A Ravenna è accaduto qualcosa di assai significativo, che riguarda in primo luogo donne, ma subito dopo l’intera nostra comunità.

Le donne in questione sono donne musulmane, di profonda fede religiosa, della associazione LIFE di Ravenna. Italiane e non solo. Qualche anno fa informarono pubblicamente la città – l’amministrazione comunale e la stampa - delle grandi difficoltà che incontravano all’interno della loro comunità, alla quale, peraltro, avevano dato un grande contributo, culturale ed economico, anche per la realizzazione della Moschea, diritto costituzionalmente fondato che, in più occasioni, anche attraverso il Comitato in Difesa della Costituzione di Ravenna, avevamo chiesto che fosse garantito.

Le amiche di LIFE criticarono la gestione misogina e non democratica del Centro di Cultura islamica. Lo fecero pubblicamente, “ci misero la faccia”, una faccia con velo, e già questo è strano, con tutte le difficoltà che – sapevano – questo avrebbe comportato. Ma ritennero di non avere altro modo per farsi ascoltare, visto che le strade del confronto e del dialogo interno alla comunità non avevano avuto esito alcuno.
Seguì la denuncia a Marisa Iannucci, presidente di LIFE, per diffamazione. Beghe interne per ragioni di potere e di conquista della leadership, sentii dire in quei giorni, da parte di italiani non musulmani e da parte di molti musulmani.

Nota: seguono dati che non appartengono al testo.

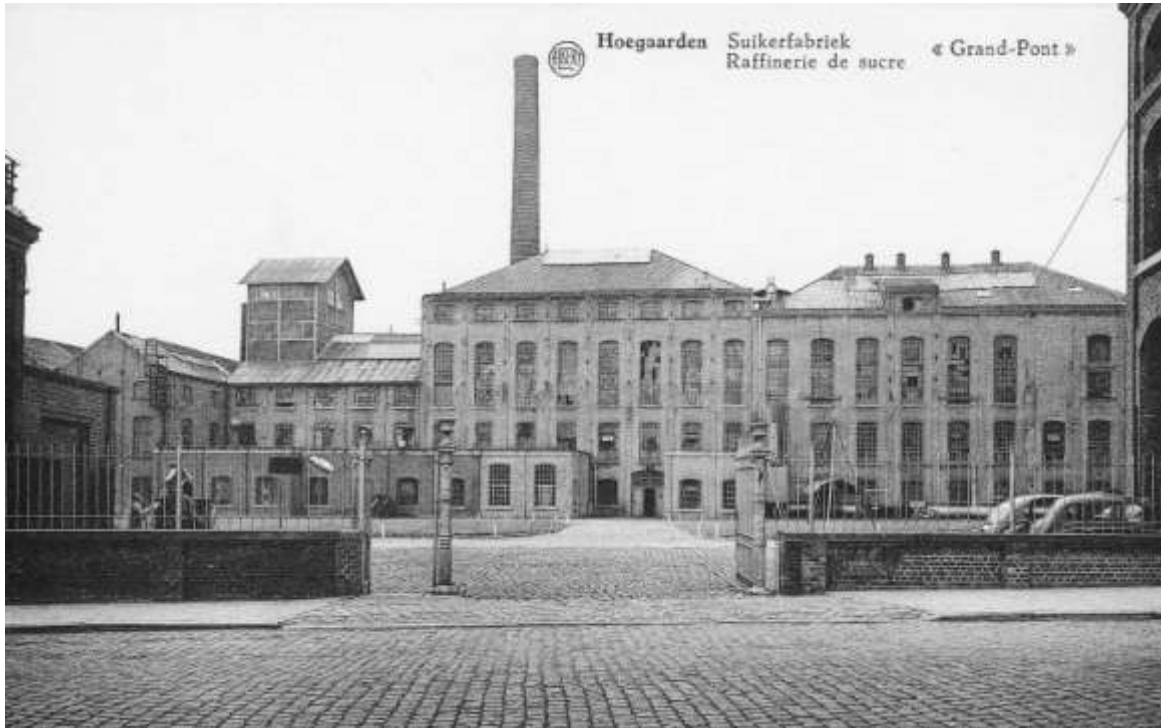
De suikerfabriek La Ghète, hier nog Grand-Pont genoemd, maar in wezen ging het om dezelfde firma na de overname door de Grand-Pont
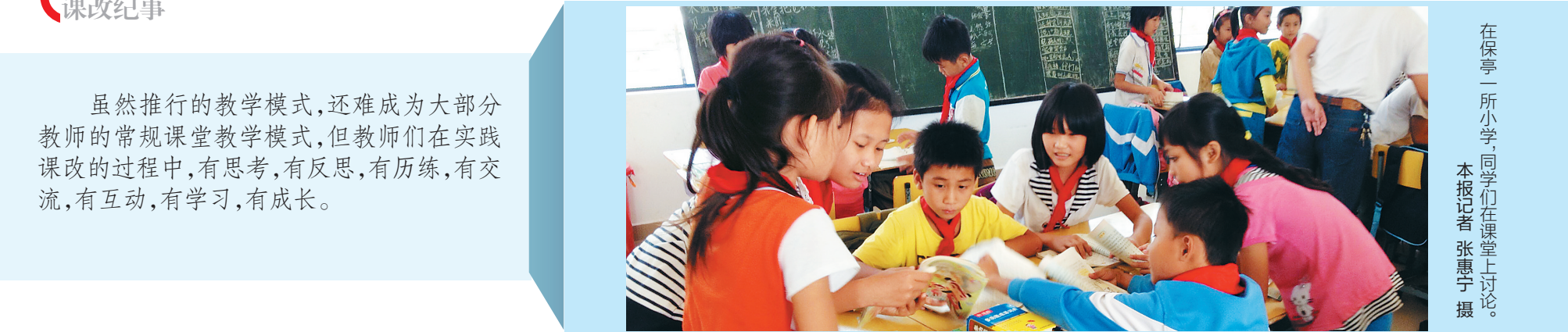
在保亭一所小学,同学们在课堂上讨论。

虽然推行的教学模式,还难成为大部分教师的常规课堂教学模式,但教师们 在实践课改的过程中,有思考,有反思,有历练,有交流,有互动,有学习,有成长。
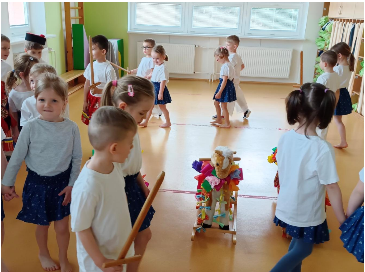
Obrázek 38 Obchůzka s krále a jeho družiny
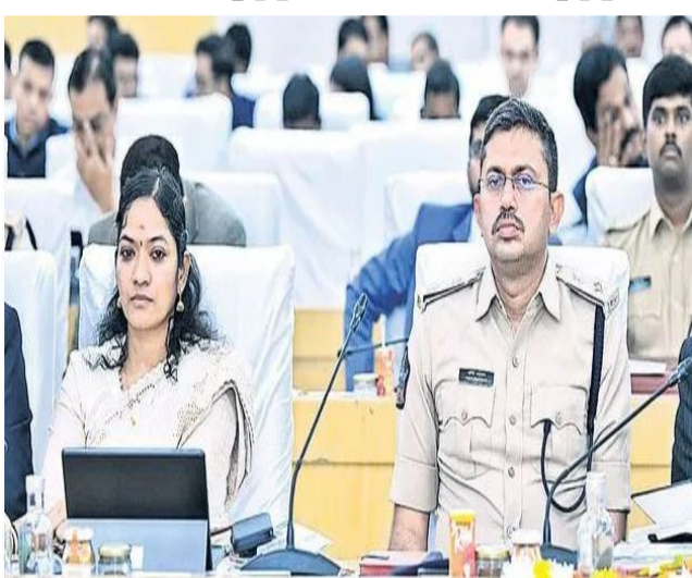
స్థాయి అధికారులు అవసరమైన చర్యలు చేపట్టాలన్నారు. జిల్లాలో వాట్యాప్ గవర్నెన్స్ లో వెనుకంజ వాట్యాప్ గవర్నెన్స్ లో జిల్లాలో ఆశించిన స్థాయిలో ప్రగతి సాధించలేదు. దీంతో రాష్ట్ర స్థాయిలో వాట్యాప్ గవర్నెన్స్ లో జిల్లాకు 28వ ర్యాంక్ వచ్చింది. జిల్లాలో మారుమూల ప్రాంతాలు అధికంగా ఉండడంతోపాటు అనేక ప్రాంతాలకు సెల్ టవర్లు ఏర్పాటు చేయాల్సి ఉంది. అలాగే మీకోసం ప్రజా సమస్యల పరిష్కార వ్యవస్థ కార్యక్రమంలో ప్రజల సంతృప్తి స్థాయి గత మూడు లేదా నెల రోజుల వ్యవధిలో నమోదు చేసినా 50 శాతం దాటకపోవడం గమనార్హం. దీంతో ఐపీఆర్ఎస్ ద్వారా సేకరించిన సమాచారం మేరకు ప్రజల సంతృప్తి స్థాయిలోనూ 28వ ర్యాంక్ వచ్చింది. మీకోసం కార్యక్రమాన్ని నెలరోజులకు ఒకసారి జిల్లా కలెక్టర్ ఆధ్వర్యంలో కలెక్టర్లలో, తర్వాత మూడు మార్లు ఆన్లైన్ నియోజకవర్గంలో నిర్వహించాలని సీఎం సూచించారు. ప్రధానమంత్రి జన్ మన్ యోజనలో భాగంగా జిల్లాకు 149 అంగన్ వాడీ కేంద్రాలకు భవనాలు మంజూరు కాగా వాటిలో 6 భవనాలు మాత్రమే నిర్మాణ దశలో ఉండగా.. ఇంకా 143 భవనాల నిర్మాణం ప్రారంభం కాలేదు. అలాగే జిల్లాలో వన్ స్టాప్ సెంటర్ నిర్మాణం సైతం పూర్తికాలేదు.
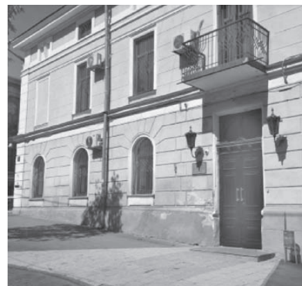
Здание ректората Одесского национального медицинского университета
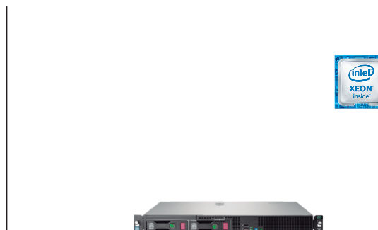
ProLiant DL20 Gen9
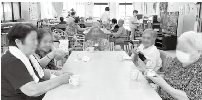
和菓子を味わう利用者の皆さん

利用者の皆さんからは、「おーきれいだ」「甘くておいしい」などの喜びの声がかれました。
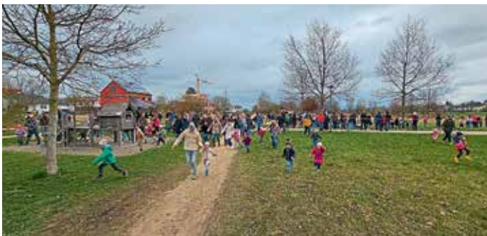
Viele Kinder waren wieder gekommen um die Ostereier zu suchen. (Fotos: get)

Die Junge Union Gaimersheim veranstaltete das traditionelle Ostereiersuchen am Karsamstag im Retzbachpark. Viele Kinder waren wieder zu dieser Veranstaltung gekommen und suchten fleißig die rund 500 bunten Ostereier, die der Osterhase zuvor im Park versteckte. Um jedem Kind die gleiche Chance zu geben, wurde der Park in zwei Bereiche, je nach Alter, abgetrennt und es durften auch nur maximal vier Eier mit nach Hause genommen werden. Nach dem Startschuss ging es los und die Kinder rannten, um eines der Eier zu erhaschen. In der Zwischenzeit konnten die Eltern entweder mitsuchen oder sich mit Kaffee und selbstgebackenen Kuchen erfrischen. Lange hat es nicht gedauert, bis auch die zwei Siegereier gefunden wurden. Vorsitzender Moritz Iberle durfte den beiden Siegern gratulieren, die sich über ein Osternest, gefüllt mit Eiern, Schokolade und einem Gutschein freuen durften. Die Kinder hatten jede Menge Spaß und trugen stolz ihre gefundenen Eier mit nach Hause. (get)
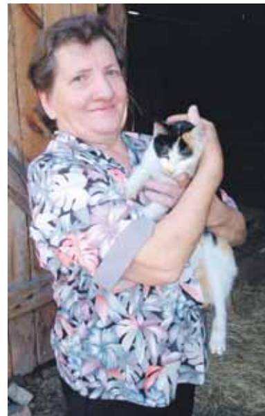
Jadvyga sako, kad kaime gyventi daug geriau, nei mieste
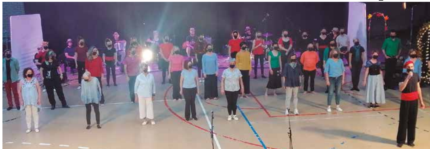
“Zorotan Bele” herri ikuskizuna Usurbilgo belaunaldi ezberdinen topaleku izan zen. Larunbat iluntzean Oiardo kiroldegira bertaratu zirenak emanaldi gogoangarri baten lekuko izan ziren: dantza, hitzak eta musika, etxekoen eskutik. Argazki gehiago noaua.eus atarian topatuko dituzue.

Anche da parte di molte donne, in vari ambienti, anche ambienti al di fuori di ogni sospetto. Quando donne compiono azioni forti, i sospetti lievitano in maniera impressionante, anche fra donne.
Pochi giorni fa è arrivato l’esito del processo civile. Una sentenza chiara. Non solo Marisa Iannucci e le sue sorelle non avevano “diffamato” e avevano soltanto - soltanto? - espresso una legittima opinione – art. 21 della Costituzione – ma avevano fatto accuse fondate su fatti che la magistratura ha potuto accertare, di non rispetto di regole e di statuti.
A questo punto non posso che dire a me stessa che questo 8 marzo è veramente – per me – particolarmente importante. Con Marina Mannucci ero in tribunale il giorno dell’udienza. Volevo, anche fisicamente, fare sapere alle amiche/sorelle di LIFE che la mia fiducia in loro era tanta. Che apprezzavo il loro impegno e coraggio civile, a prescindere dall’esito del processo. Che – nella mia esperienza di vita – era la prima volta che donne si erano impegnate in un esplicito conflitto con uomini della loro comunità, per ragioni culturali e civili, e non solo per ragioni delittuose in senso stretto.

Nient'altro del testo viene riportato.